Sex offender ruling could mean less information for police
BIRMINGHAM, AL (WBRC) -A federal court ruling could strike down parts of Alabama’s sex offender law. A recent federal ruling says convicted sex offenders may not have to give internet provider information, instant messages or email addresses to law enforcement. U.S. District Judge Keith Watkins calls it “unconstitutional” under the First Amendment. Current state law says sex offenders must let law enforcement know of any and all internet service providers they use.
“If a person went into McDonalds and the court used the word McDonalds and they wanted to get on the internet, they had to report that they were changing their site. They are using a different site. The court ruled that that’s just overbroad. It chills free speech and a person has a right to use a computer,” Roger Appell, a Birmingham attorney familiar with constitutional law said.

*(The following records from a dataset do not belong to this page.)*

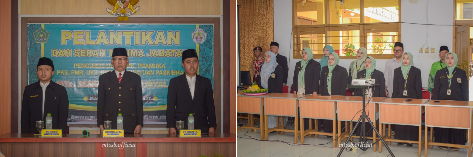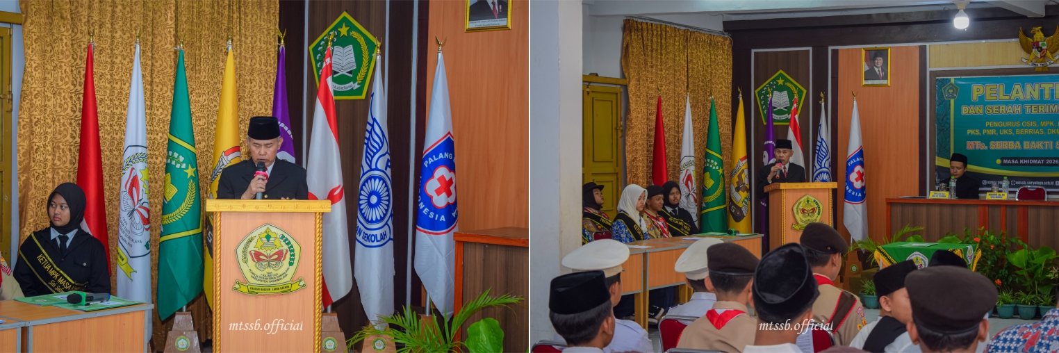 Terkait hal tersebut, pada Sabtu pagi (31/1/2026) MTs Serba Bakti menggelar Pelantikan dan Serah Terima Jabatan (SERTIJAB) Perwakilan Kelas, Pengurus OSIS dan Ekstrakulikuler (Pramuka, PKS, PMR, UKS, DKM, PASKIBRA dan BERRIAS) MTs Serba Bakti masa Khidmat 2026-2027.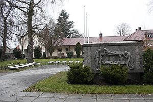 Im Friedhof; in der Mitte Kubus mit Bildreliefs, an drei Seiten rundum leicht gewölbte Bodenplatten;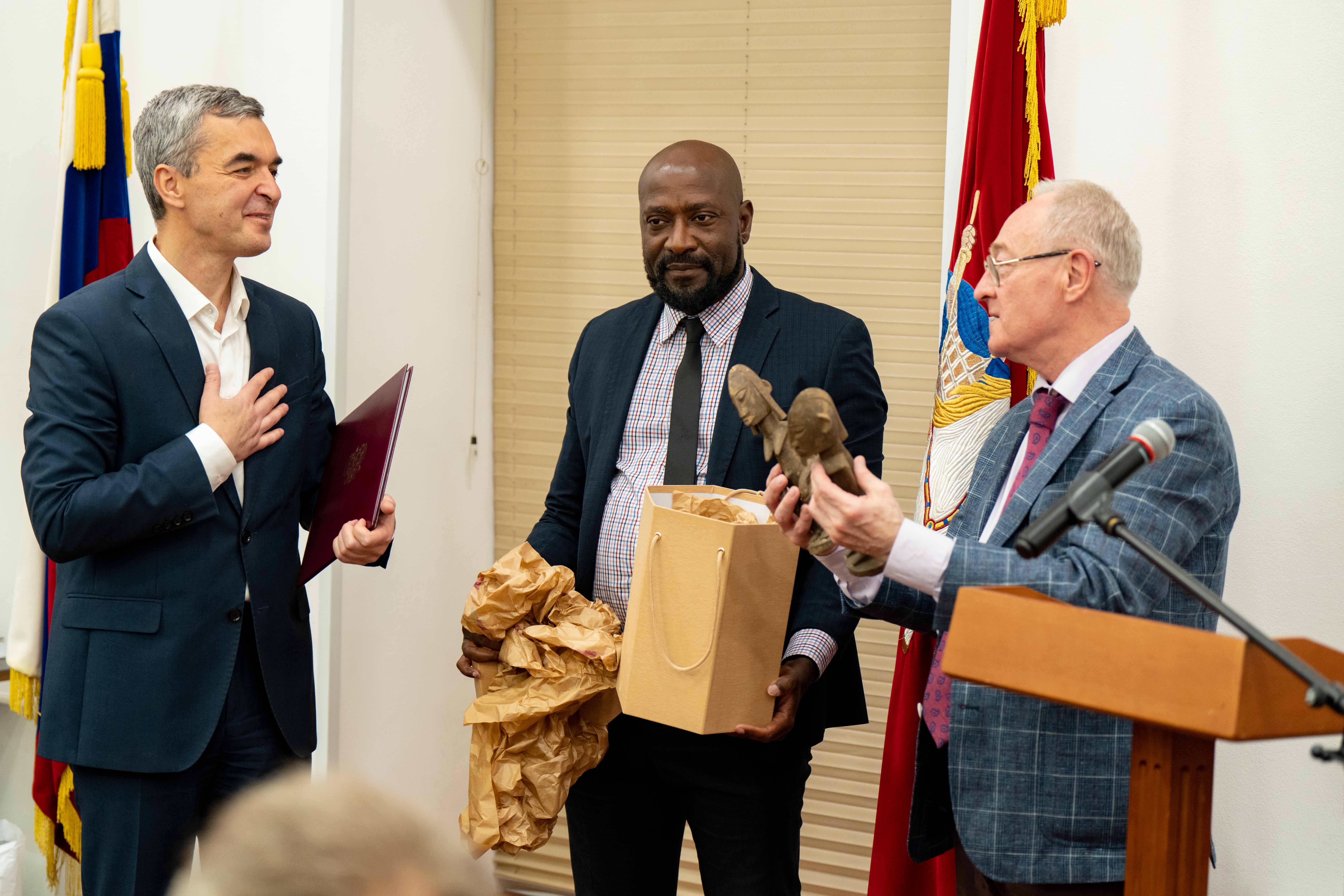 С поздравлениями также выступили: советник директора Федерального государственного бюджетного учреждения «Дом народов России» Мехрибан Эльдаровна Садыгова; генеральный директор Общероссийской общественно-государственной организации «Ассамблея народов России», Герой России Александр Васильевич Даркович; первый заместитель Генерального секретаря — руководитель Генерального секретариата Международного союза неправительственных организаций «Ассамблея народов Евразии», председатель Совета Общероссийской общественной организации «Ассамблея народов России» Светлана Константиновна Смирнова; председатель Комиссии по нормативным правовым инициативам и связям с органами местного самоуправления Совета по делам национальностей при Правительстве Москвы председатель Совета Землячеств выходцев из Украины, сопредседатель Союза нации народов России Николай Иванович Лях; член Общественного совета при ГБУ «МДН» председатель правления МОО «Карельское Содружество» Владимир Сергеевич Головачев; член Общественного совета при ГБУ «МДН», вице-президент общероссийской общественной организации «Союз армян России» Левон Альбертович Муканян; председатель Координационного совета Региональной общественной организации содействия сохранению этнокультурных традиций женщин «Форум женщин ЕврАзии» Раушан Мусахановна Канапьянова; Постоянный Представитель Республики Ингушетия при Президенте РФ — Первый заместитель Председателя Правительства Республики Ингушетия Михаил Бангирович Илезов; председатель Комиссии по этнокультурному развитию Совета по делам национальностей при Правительстве Москвы Хуршеда Давроновна Хамракулова; заместитель председателя Региональной общественной организации «Якутское землячество» Людмила Васильевна Павлова; первый заместитель Постоянного представителя Республики Саха (Якутия) при Президенте Российской Федерации Александр Дмитриевич Сафронов; председатель Совета Региональной общественной организации «Армянское культурно-просветительское общество «Арарат» Альбина Нерсесовна Сукиасян; председатель Комиссии по физической культуре и спорту Совета по делам национальностей при Правительстве Москвы Батор Дугарович Дугаров; председатель Региональной общественной организации «Национально-культурная автономия «Белорусы Москвы» Алла Анатольевна Тужилкина; президент Некоммерческого партнерства «Русско-Индийское Общество Дружбы «Диша» Сингх Рамешвар.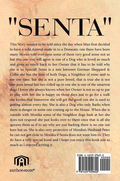 This Story needed to be told since the day when Man first decided to have a wild Animal made in to a Domestic one there have been many Stories told over time some of them very good some not so but this one you will agree is one of a Dog who is loved so much and gives so much back to her Owner that it has to be told why she is so Special! Senta is a mix between German Sheppard and Collie she has the best of both Dogs, a Neighbor of mine said to be one time, but she is not a pure breed, that is true she is not one pure breed but two rolled up in one she is one of the smartest dogs I know she always knows when her Owner is not so up to par to play with her she is happy on those days just to go for a walk she knows that tomorrow she will get the good run she is used to getting almost every day. She is also a Dog who only Barks when there is danger or some one coming up to the House. When she is outside with Monika some of the Neighbor dogs bark at her she does not respond she just looks over to them once that is all she ignores them as if to say why are you barking there is no one out here but us. She is also very protective of Monika's Husband Peter he can not get close to Monika if Senta does not want him to. They do have a very special bond and I hope you enjoy this book just as much as I enjoyed writing it.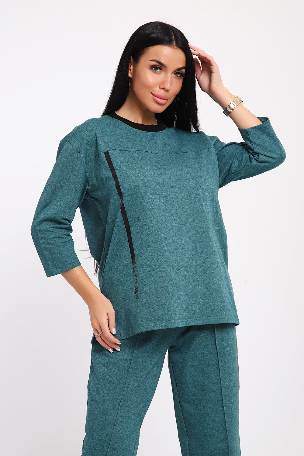 Костюм с рукавами три четверти и широкими брюками олицетворяет все грани моды: легкий, свободный и красивый. Трикотажный комплект создан для отдыха, прогулок и спортивных занятий. Футер двухнитка обеспечивает мягкость и легкость при носке. Рукава 3/4 добавляют изюминку с акцентом на женственность и комфорт. Костюм будет явным лидером вашего гардероба. Отличный выбор, чтобы выглядеть модно и подчеркнуть свой индивидуальный стиль!

The ruling stems from a 2015 case that says the state’s sex offender laws are too broad. In his ruling, Judge Watkins didn’t hold back writing the law is “the most comprehensive and debilitating sex offender scheme in the nation saying no other state’s system comes close.
Appell, who has handled sex offender cases in the past, says current law is very strict.
“He makes that distinction through here how overbroad it is and how it’s not narrowed to each individual’s situation.”
Right now, sex offenders also have to label themselves as such on their driver’s license. Judge Watkins ruled that also violates the First Amendment saying "the branded-ID requirement compels speech.”
“What they said is putting an initial on the driver’s license like ‘C’ in small place would be sufficient to get the point across to whoever was looking at it, mostly law enforcement, and it wouldn’t be offensive violating the First Amendment,” Appell said.
Most people we spoke with feel the state’s sex offender laws are in place for a reason and changing them could hurt more than help.
“Without that information, you won’t know who the sex offenders are. Then there are kids in the area. I mean schools are around and you know that’s protection of your children,” Flora McShan, who lives in Tuscaloosa said.
In a statement, Attorney General Steve Marshall’s office tells us a post-judgement motion has been filed in the case.
“The State has not yet appealed but has filed a post-judgment motion that is awaiting a ruling. No appeal can be filed until there is a ruling on the State’s post-judgment motion. The State will evaluate whether an appeal is appropriate after the Court has ruled on its post-judgment motion,” Mike Lewis, spokesperson for Attorney General Steve Marshall said.
We reached out to a number of law enforcement agencies about the ruling. The Jefferson County Sheriff’s Office did get back with us. In a statement, Captain David Agee said “Until there is a final ruling on the appeal, we will continue following the laws currently in place for the State of Alabama. The sheriff’s office is committed to the oversight of every sex offender in the county as well as the protection and safety of all residents and visitors.”